The pandemic spurred growth in nonprofessional investing, drawing in new stock market investors and brokerages.
Many of these investors have in common the desire to make money. Duration is a factor that separates them.
Those looking for fast riches – who may have also fueled a massive increase in account openings during the early 2021 so-called meme stock craze – often have small balances and usually do not stick around.
Longer-term investors, on the other hand, or those looking for ways to grow their wealth over longer time horizons, are the stickiest and best customers to work with.
With that being said, as the world goes back to work, those newer brokerages, some of which are publicly listed, are now struggling with growth.
Unlike many of its competitors, however, Stake, an Australian-based brokerage founded in 2017, is still growing according to the firm’s senior product manager, Alexander Robertson.
“There’s been a lot of new entrants into the market; there are a lot of people coming in and trading at high frequencies and with low trading balances,” Robertson says. “The customer type we’re really aiming at is the higher-value, longer-term investors who are genuinely interested in their financial wealth.”
To learn more about how Stake is staying true to this higher-value customer base, and what it means for the company’s future, read on.
Growth During Pandemic, Meme-Mania: With the rise of zero commission trading, there was a feverish sentiment around the democratization of financial markets.
Participants flocked to open accounts at brokers who not only made trading cheap but also fun; advances in market structure and technology made it possible for investors to interact with their finances in ways they could only dream of decades ago.
Riding this wave is Stake, a digital brokerage platform for investors in the U.K., New Zealand, Australia, and Brazil.

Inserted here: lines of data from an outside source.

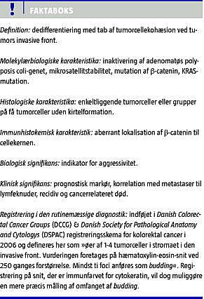 Selv om budding /fokal dedifferentiering blev beskrevet for mere end 20 år siden, er det først i de senere år, at fænomenet har været genstand for en betydelig opmærksomhed. I 2006 indførtes registrering af budding i DCCG/DSPAC's registreringsskema for KRK. Buddings molekylære baggrund er delvis belyst med formodet korrelation til den traditionelle adenom-karcinom-signalvej, der bl. a. involverer APC-mutation, samt til KRAS-mutation. Fænomenets potentiale som prognostisk markør synes veletableret, omend konsensus omkring den mest optimale registreringsmetode endnu ikke er opnået. Det kan anbefales at bibeholde den allerede omtalte registreringsmetode i DCCGs/DSPACs skema, men vurdering på snit, der er immunfarvede for et cytokeratin, må foretrækkes. Oplysning om tumors budding-fænotype medinddrages dog endnu ikke ved beslutninger angående håndtering af patienter med KRK. Belysning af værdien af budding -status som rettesnor for patientbehandling vil kræve yderligere gerne internationale prospektive studier [32].
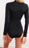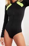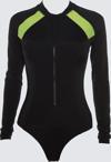 Kadın Moda Kapsız Uzun Brief Yaka Siyah Fermuarlı Uzun Kollu Hipster Sörf Mayosu
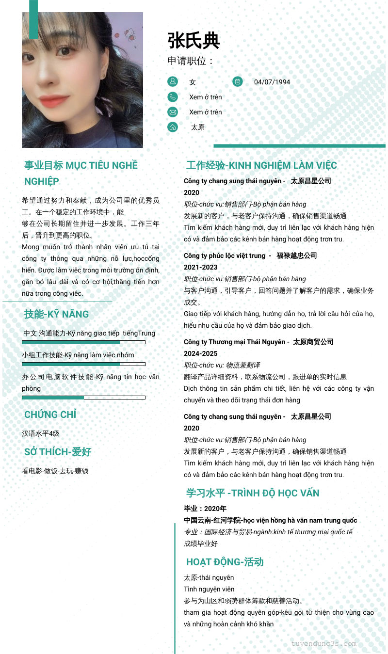 Mở xem thông tin đầy đủ ứng viên 张氏典 chỉ với 2 điểm. Ứng viên được cập nhật ngày 15/03/2026
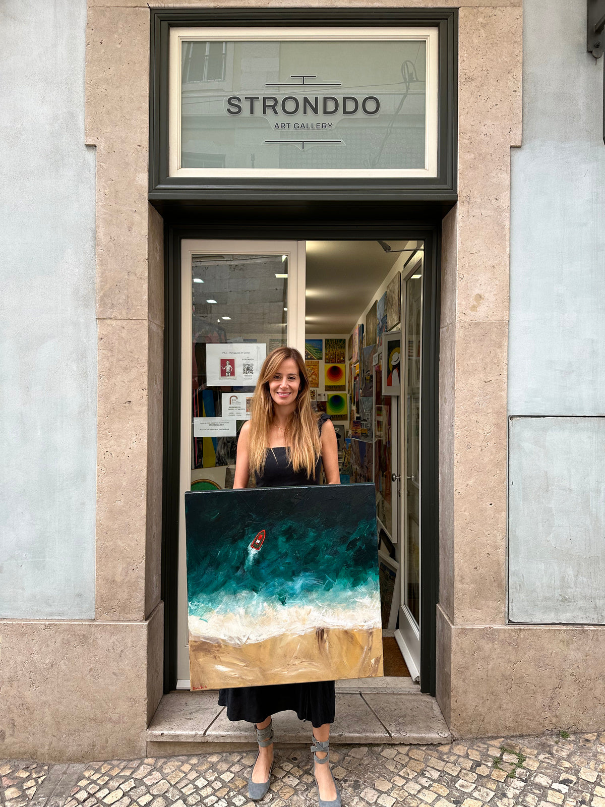 The sandy shore at the bottom adds a grounding element, suggesting the boat's journey from land to the unpredictable sea.
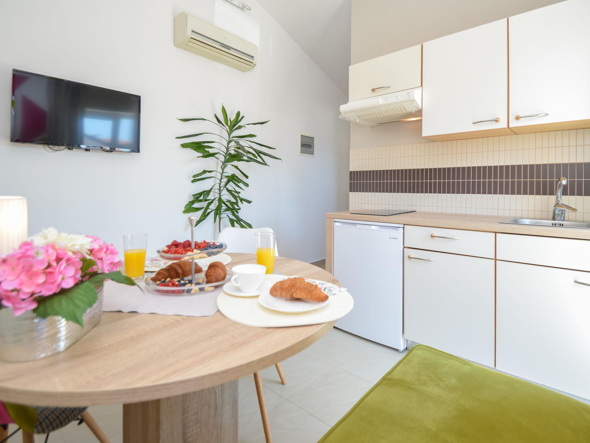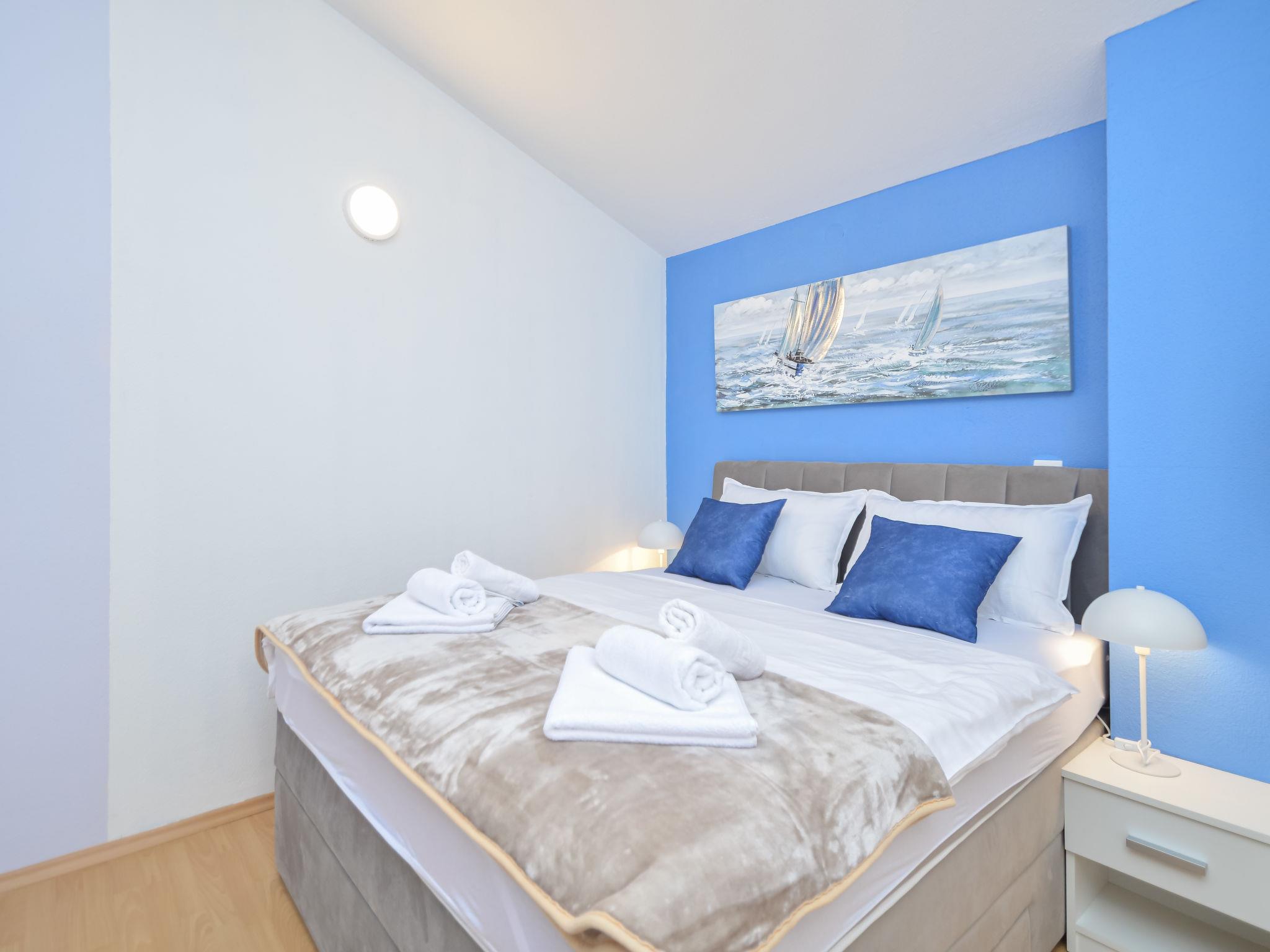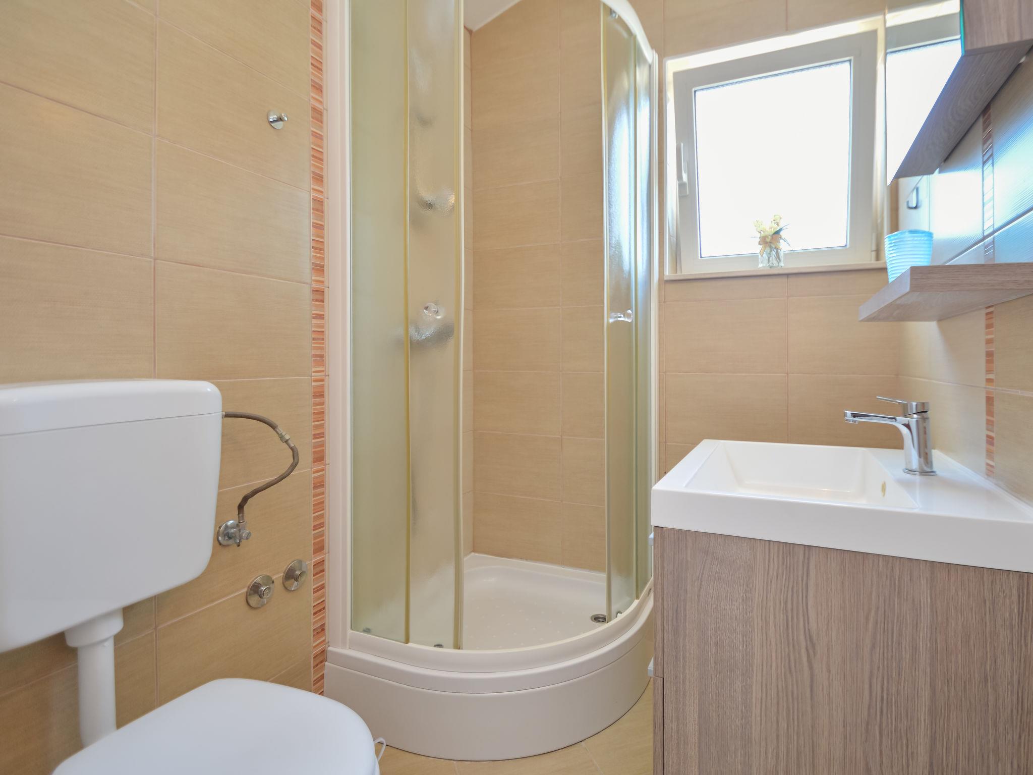 Tribunj 3 km from Vodice: Semi-detached house "Valdor", 2 storeys. In the hamlet Sovlje 1.5 km from the centre of Tribunj, in a quiet, sunny position, 500 m from the sea, 500 m from the beach, in a cul-de-sac. Private: property (fenced) with lawn, swimming pool round (5 m diameter, depth 110 cm, seasonal availability: 01.May. - 15.Oct.). Outdoor shower, terrace (12 m2), garden furniture, barbecue. In the house: internet access, washing machine. Parking at the house on the premises. Shop 1.5 km, restaurant 150 m, bus stop 4.8 km, pebble beach, rocky beach, concrete beach 500 m. The owner does not accept any youth groups. Neighbourhood highly sensitive to noise. Quietness and good behaviour expected. Concrete beach with showers in the bay of Sovlje, 500 m from the house.
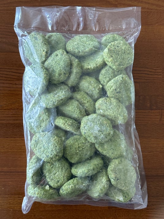-原材料名:鶏肉(国産)、玉葱、春菊、小松菜、ほうれん草、パン粉、卵白、豚脂、粒状大豆たん白、みじん生姜 等

The fast-expanding brokerage has two core offerings: Stake AUS and Stake Wall St.
“We’re staking our claim in the Australian market as a major player,” Robertson said. “We’re continually innovating and creating competitive differentiation.”
At present, access to U.S. markets costs nothing. To trade Australia’s market, however, costs $3 per trade. That has a lot to do with market structure and the differing regulatory regimes.
The broker realized significant growth after the onset of the pandemic, and through the January and February 2021 meme stock spectacle.
“We had a huge explosion in account onboarding,” Robertson said. He noted that the influx of customers was driven by the company’s technology upgrades and premium offerings like Stake Black.
“We’re really just looking to be the best in Australia, and we’re focused on creating true product value for our customers and building a strong brand on that,” he added.
Also Read: How Fintech Soon Lets You Protect Your Cash Flow And Better Spend Investment Gains
Visions, Aspirations Going Forward: According to Robertson, Australia is one of the highest value markets in the world.
“It’s an incredibly wealthy population that’s outward-looking. They’re looking for opportunities not just within Australia, but overseas more than most,” he said.
With that in mind, the total addressable market is much less than that of the U.S., sitting somewhere between five and eight million investors. As a result, to grow, Stake is set on taking market share from incumbents that make up Australia’s traditionally very consolidated financial ecosystem.
"It’s an incredibly monopolized financial system. All of these banks have investment arms and … make up 65% of the Australian investment market share." Robertson said. "We’re focused on that because that’s where the real value is."
In capturing that share, initiatives include a massive referral program that basically rids investors of their commissions, as well as additions of trade technologies and homogenizing experiences.
"It’s going to be a wild ride over the next six to eight months," he said. "We’re going to learn an incredible amount and that’s ultimately going to make us stronger and really define what we do in the next three to five years."